__Action item__.
Give again, word for word, the lines below that run from the line with "On June 14, 1972, Hurricane" through the line with "デニム切替ニットカーディガン". Drop the pictures.

__Stored data__.
______

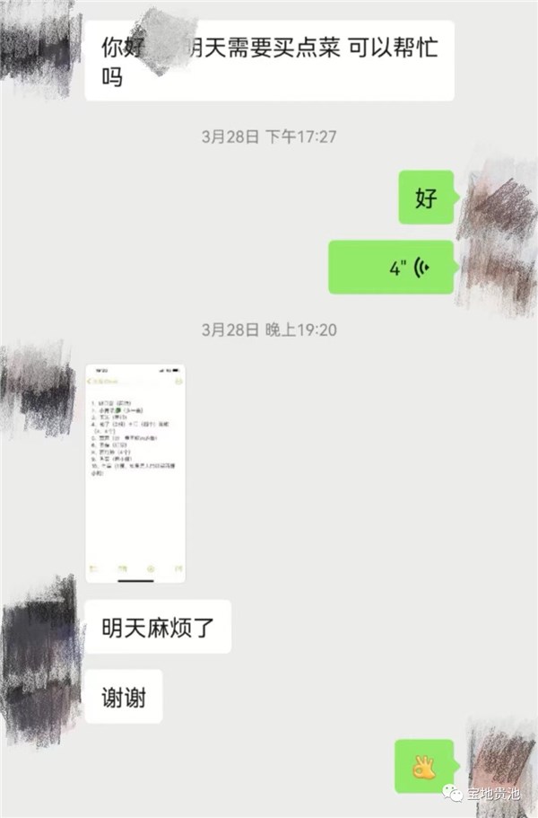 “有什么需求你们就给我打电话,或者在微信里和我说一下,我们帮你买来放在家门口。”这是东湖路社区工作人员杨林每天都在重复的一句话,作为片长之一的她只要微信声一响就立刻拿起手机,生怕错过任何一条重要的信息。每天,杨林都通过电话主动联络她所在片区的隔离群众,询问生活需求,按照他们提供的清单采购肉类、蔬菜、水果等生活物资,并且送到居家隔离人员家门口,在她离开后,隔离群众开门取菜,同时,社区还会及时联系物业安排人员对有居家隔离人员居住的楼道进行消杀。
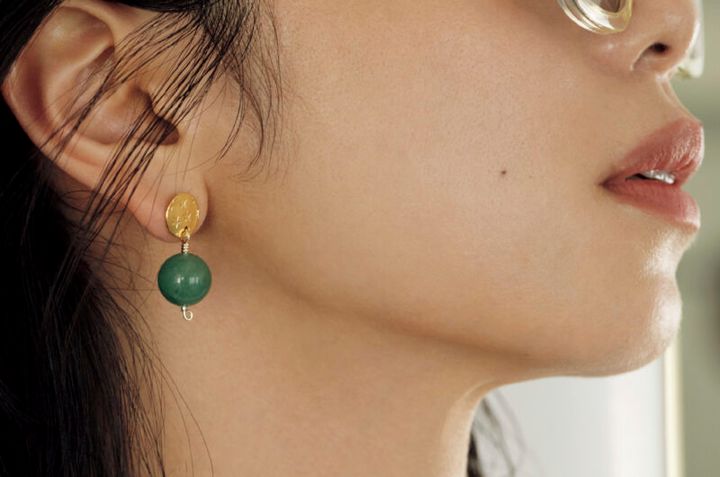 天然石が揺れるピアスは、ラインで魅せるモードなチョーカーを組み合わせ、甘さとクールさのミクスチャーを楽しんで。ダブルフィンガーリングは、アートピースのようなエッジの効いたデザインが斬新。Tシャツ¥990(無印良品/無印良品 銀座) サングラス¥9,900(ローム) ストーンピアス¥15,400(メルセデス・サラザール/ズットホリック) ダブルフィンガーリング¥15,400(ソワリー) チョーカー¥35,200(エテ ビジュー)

______

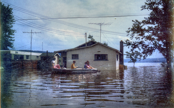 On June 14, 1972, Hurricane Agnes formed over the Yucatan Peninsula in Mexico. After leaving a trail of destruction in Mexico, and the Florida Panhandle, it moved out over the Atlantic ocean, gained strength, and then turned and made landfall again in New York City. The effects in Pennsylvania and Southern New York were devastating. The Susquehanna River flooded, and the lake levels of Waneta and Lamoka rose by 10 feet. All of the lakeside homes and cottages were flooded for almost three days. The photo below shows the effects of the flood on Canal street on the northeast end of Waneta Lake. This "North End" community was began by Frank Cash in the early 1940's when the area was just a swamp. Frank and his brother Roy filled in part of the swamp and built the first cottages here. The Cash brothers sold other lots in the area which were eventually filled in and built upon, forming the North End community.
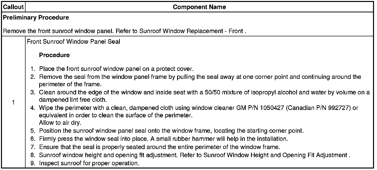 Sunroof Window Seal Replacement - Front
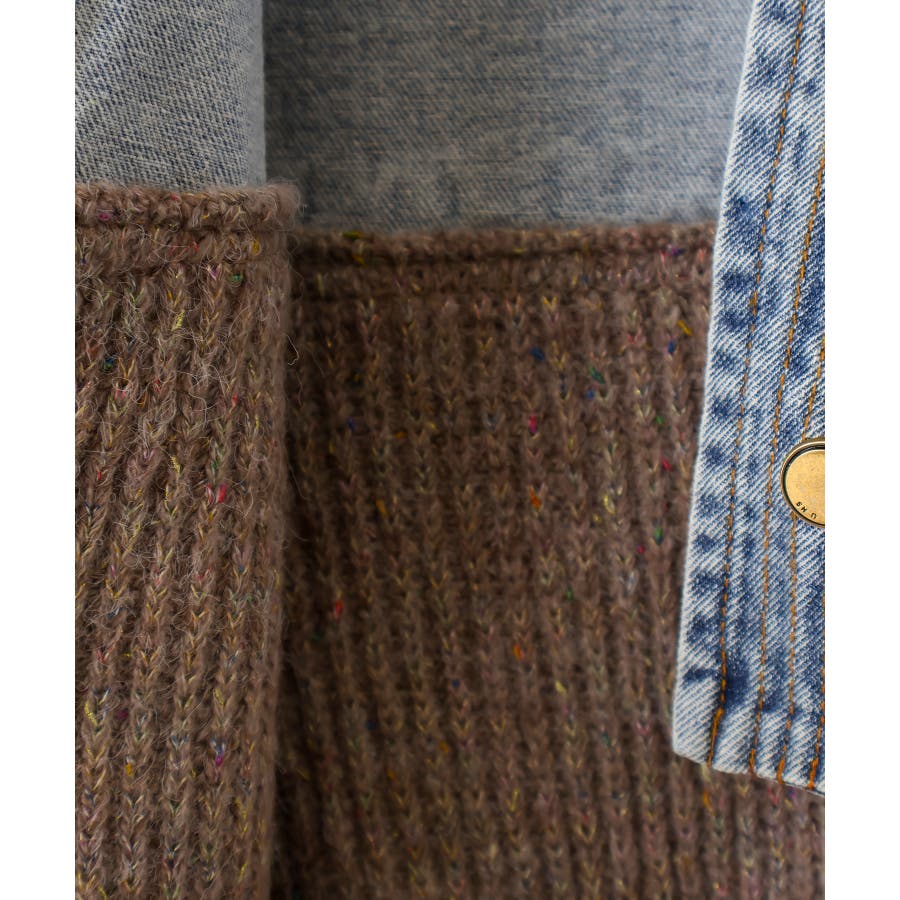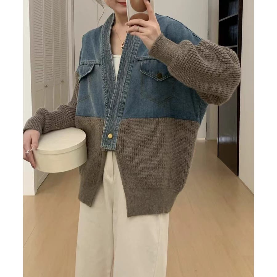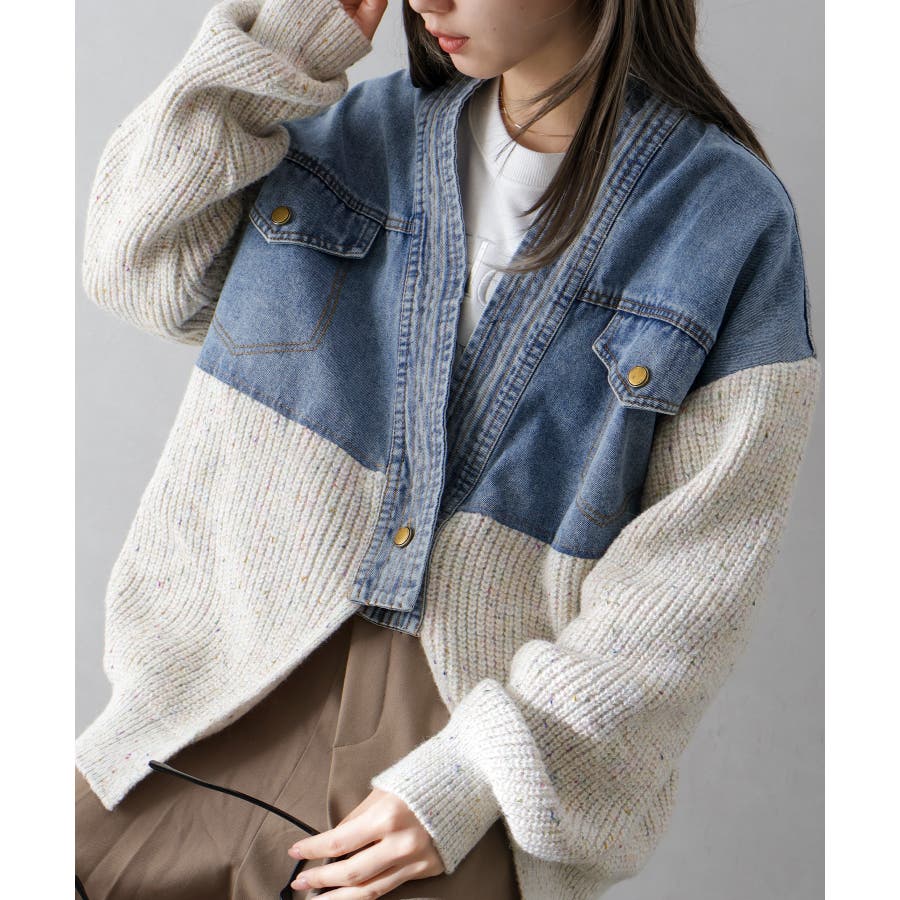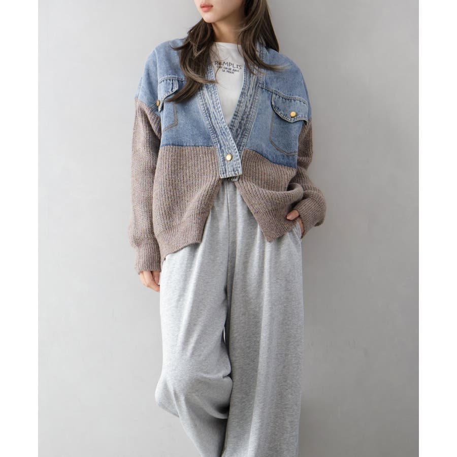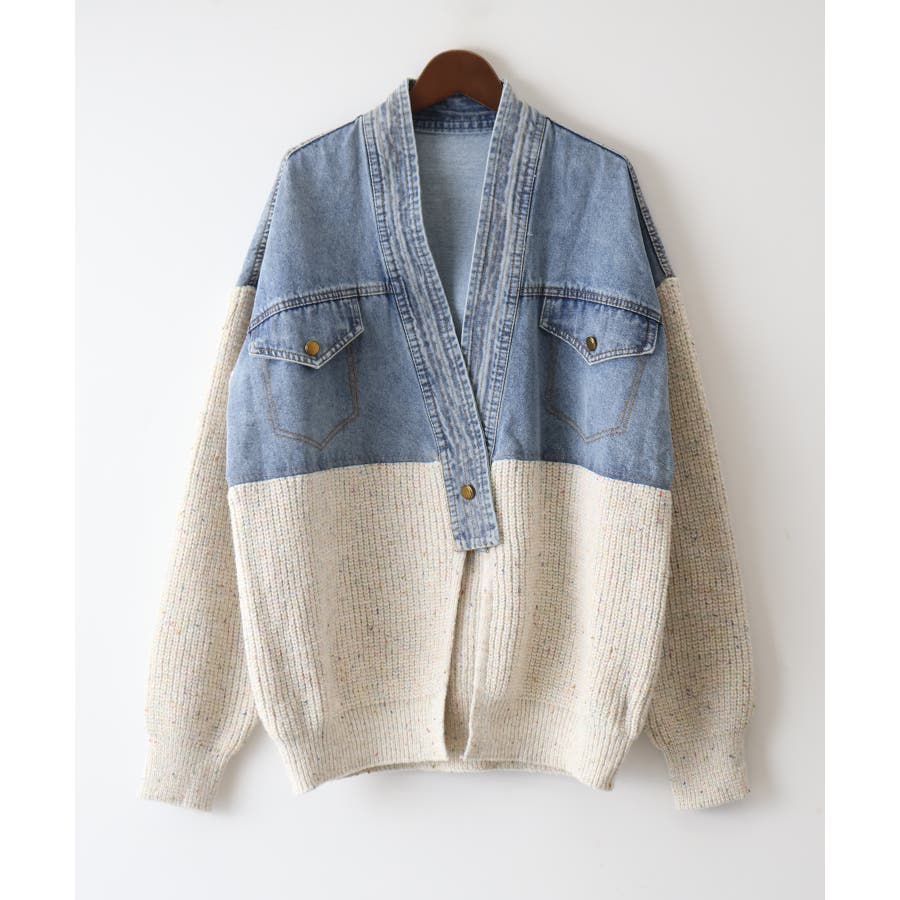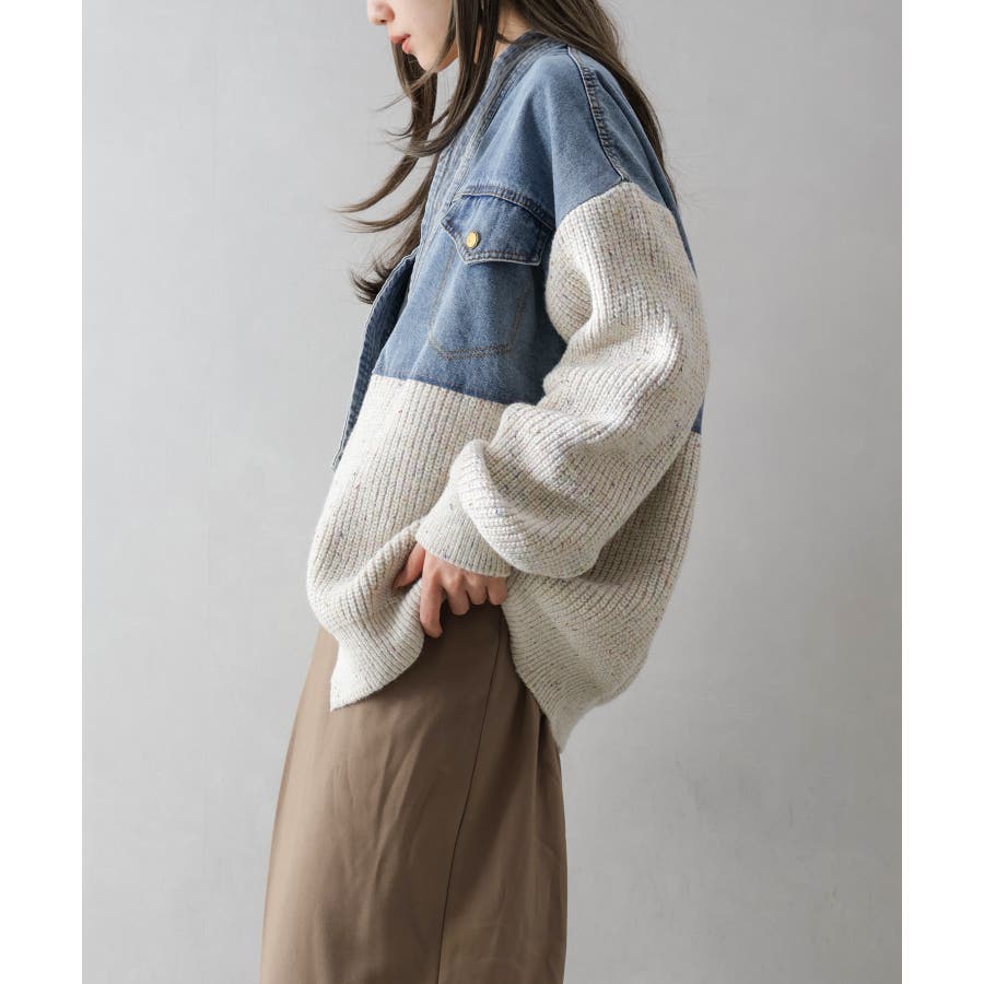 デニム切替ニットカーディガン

______

__Written solution__.
 On June 14, 1972, Hurricane Agnes formed over the Yucatan Peninsula in Mexico. After leaving a trail of destruction in Mexico, and the Florida Panhandle, it moved out over the Atlantic ocean, gained strength, and then turned and made landfall again in New York City. The effects in Pennsylvania and Southern New York were devastating. The Susquehanna River flooded, and the lake levels of Waneta and Lamoka rose by 10 feet. All of the lakeside homes and cottages were flooded for almost three days. The photo below shows the effects of the flood on Canal street on the northeast end of Waneta Lake. This "North End" community was began by Frank Cash in the early 1940's when the area was just a swamp. Frank and his brother Roy filled in part of the swamp and built the first cottages here. The Cash brothers sold other lots in the area which were eventually filled in and built upon, forming the North End community.
 Sunroof Window Seal Replacement - Front
 デニム切替ニットカーディガン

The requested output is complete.